### Your instructions
Can you write out every line from the start of the records below through the line containing "Ворона разоряет подставное утиное гнездо", leaving out any pictures?
- Opening Delimiter -
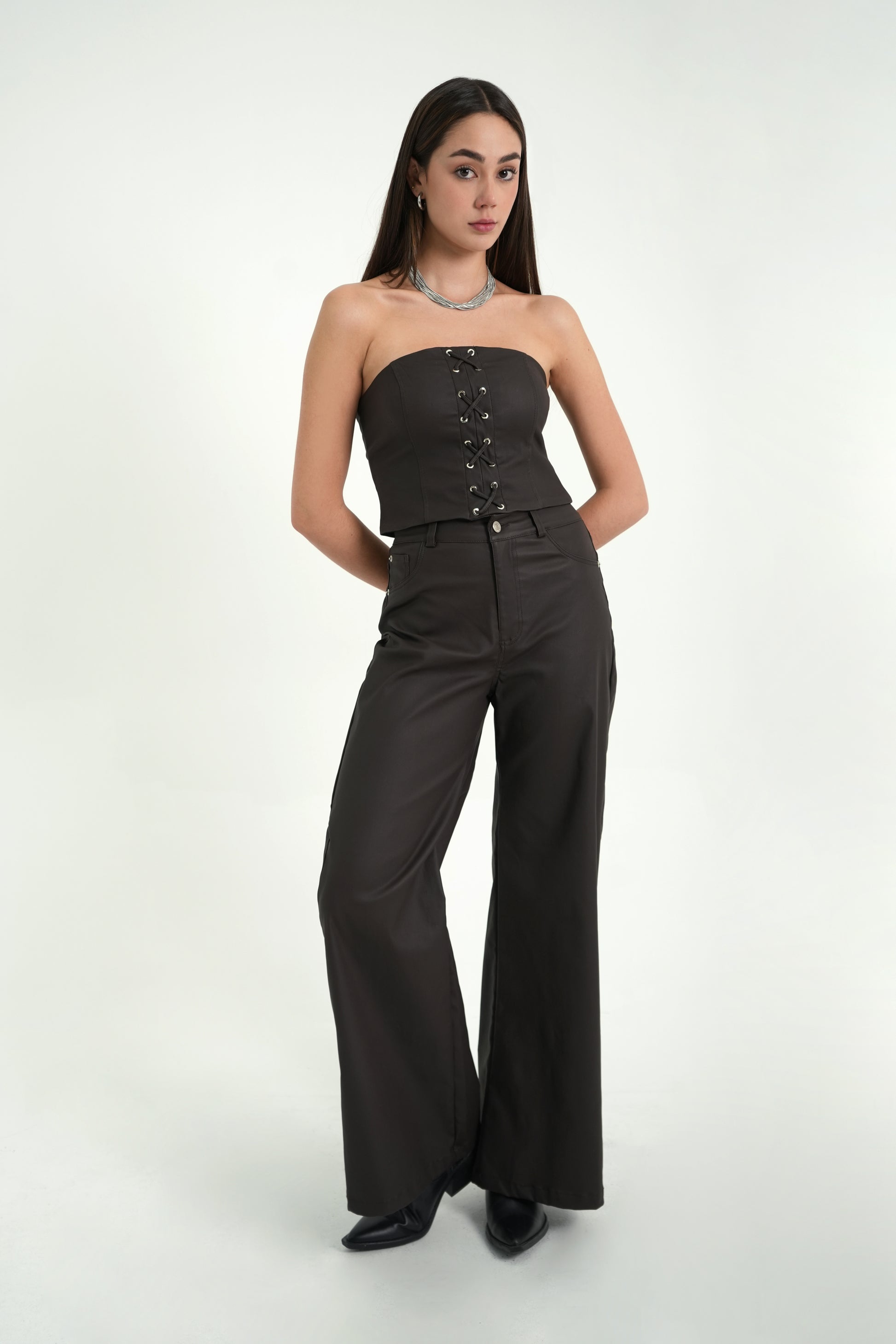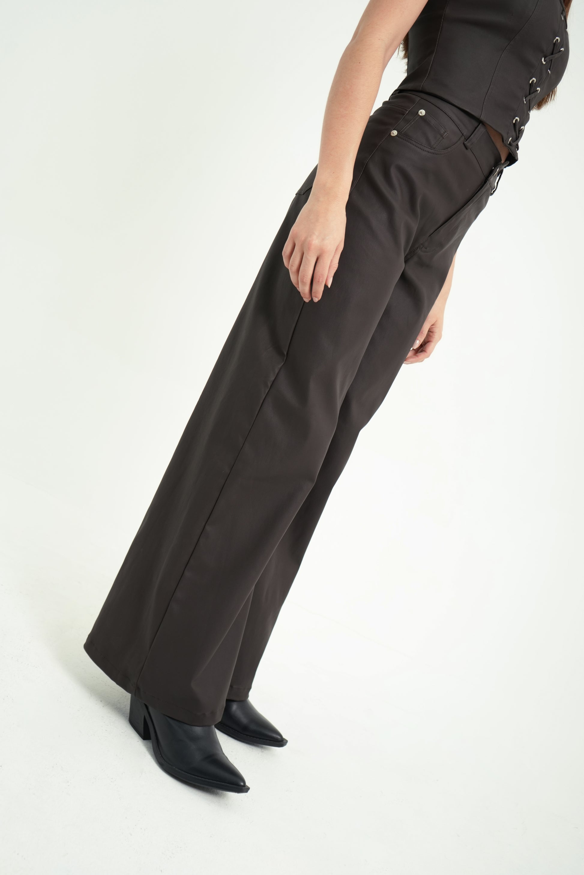 PANTALON WIDE LEG EFECTO PIEL 7302
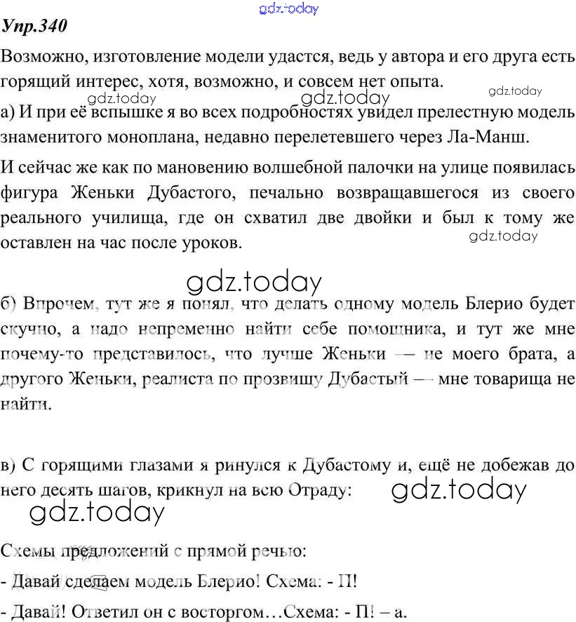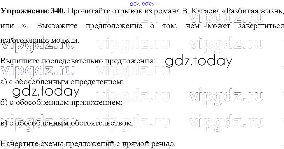 Ответы к Решение к упражнениям 340 Учебнику по Русскому языку для 8 класса Тростенцова, Ладыженская Просвещение 2014
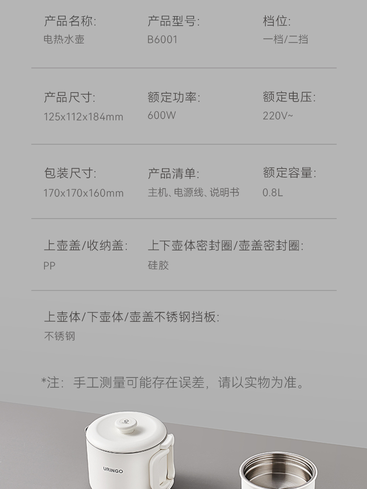 七彩叮当(QICAIDINGDANG) B6001 0.8L 折叠水壶 白色(单位:台)
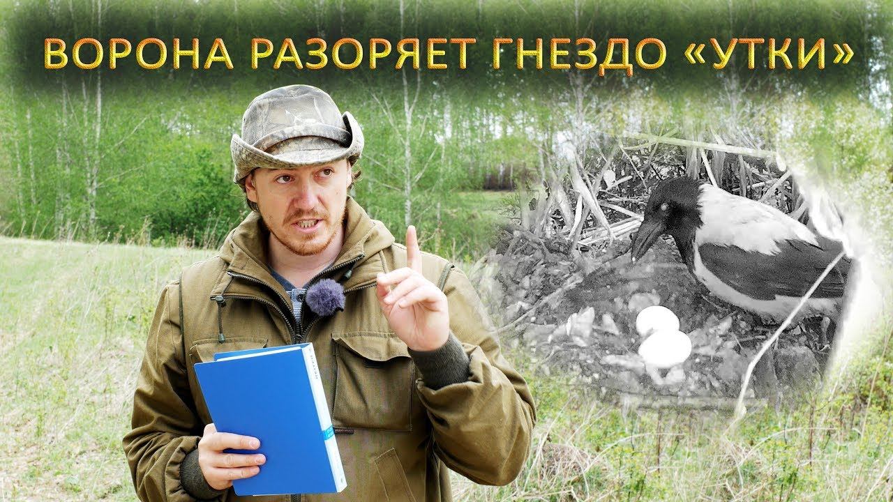 Ворона разоряет подставное утиное гнездо
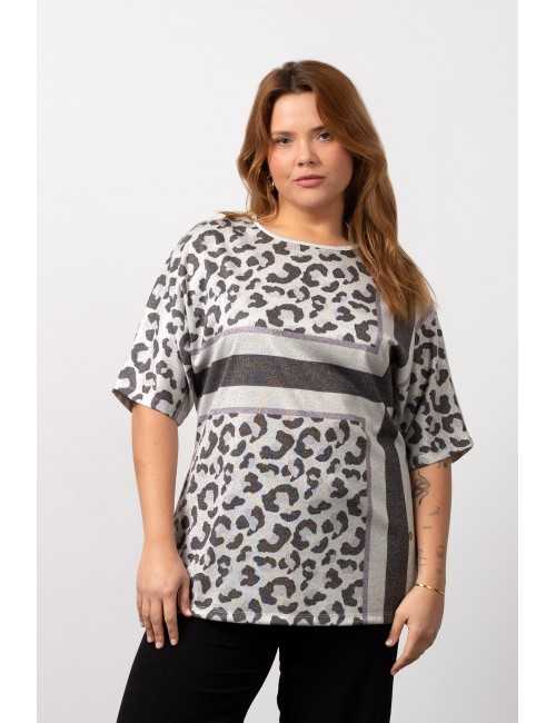 Lurex shine knit tunic, printed all over the front. Oversized model with a round neckline. Collection: Spring Summer Available in Plus Sizes Custom design and manufacturing product. We are a clothing brand with over 50 years of experience Model: Height 1.70m and is wearing size XL. Composition: 46% Viscose 30% Nylon 12% Polyester 12% Elastane
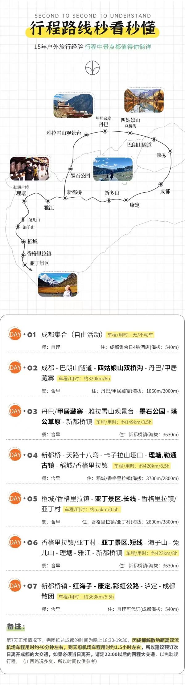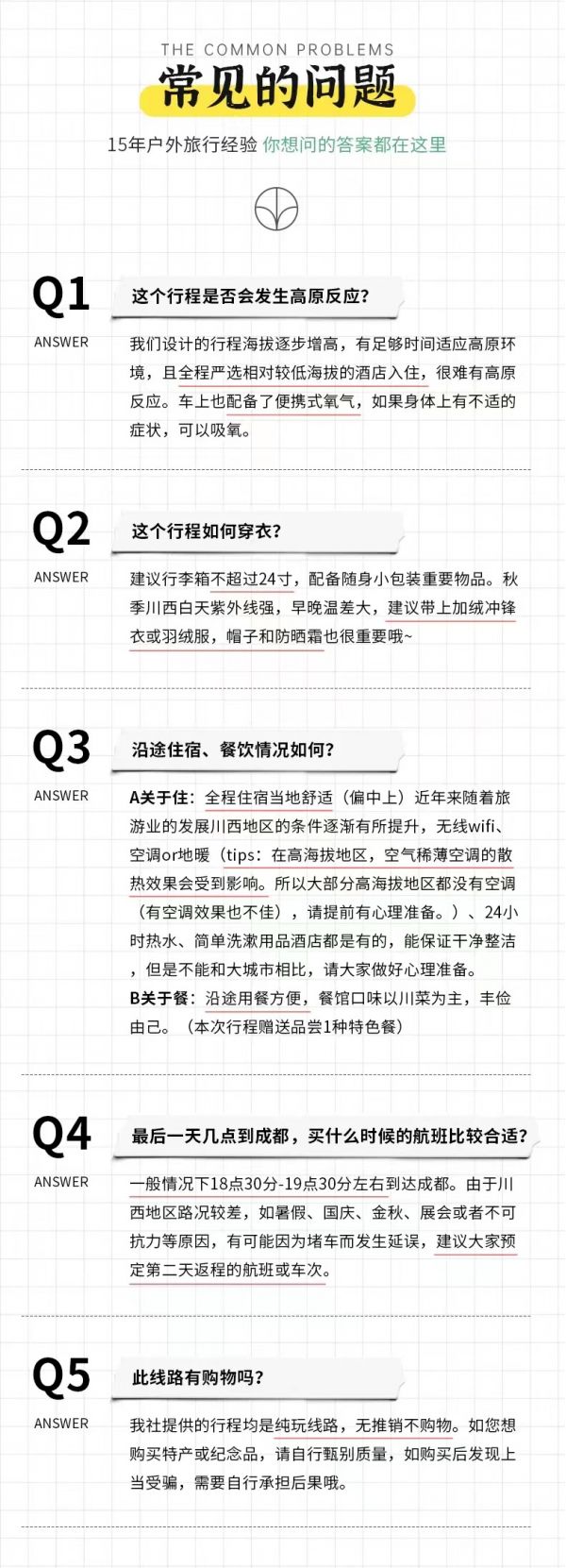 (1)以上行程時(shí)間安排可能會(huì)因天氣、路況等原因做相應(yīng)調(diào)整,正常情況下完團(tuán)回到成都時(shí)間為晚上18:30至19:30左右,如果必須當(dāng)日離開(kāi),請(qǐng)定22:00以后的回程大交通,以免耽誤行程,敬請(qǐng)諒解;
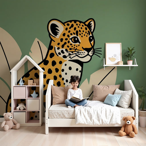 KidsWallДобавете допир на приключение в стаята на вашето дете с тази тапет за деца, изобразяващ очарователен леопард сред тропическо растителност. Леопардъ...
- Closing Delimiter -
### Response to this task
 PANTALON WIDE LEG EFECTO PIEL 7302
 Ответы к Решение к упражнениям 340 Учебнику по Русскому языку для 8 класса Тростенцова, Ладыженская Просвещение 2014
 七彩叮当(QICAIDINGDANG) B6001 0.8L 折叠水壶 白色(单位:台)
 Ворона разоряет подставное утиное гнездо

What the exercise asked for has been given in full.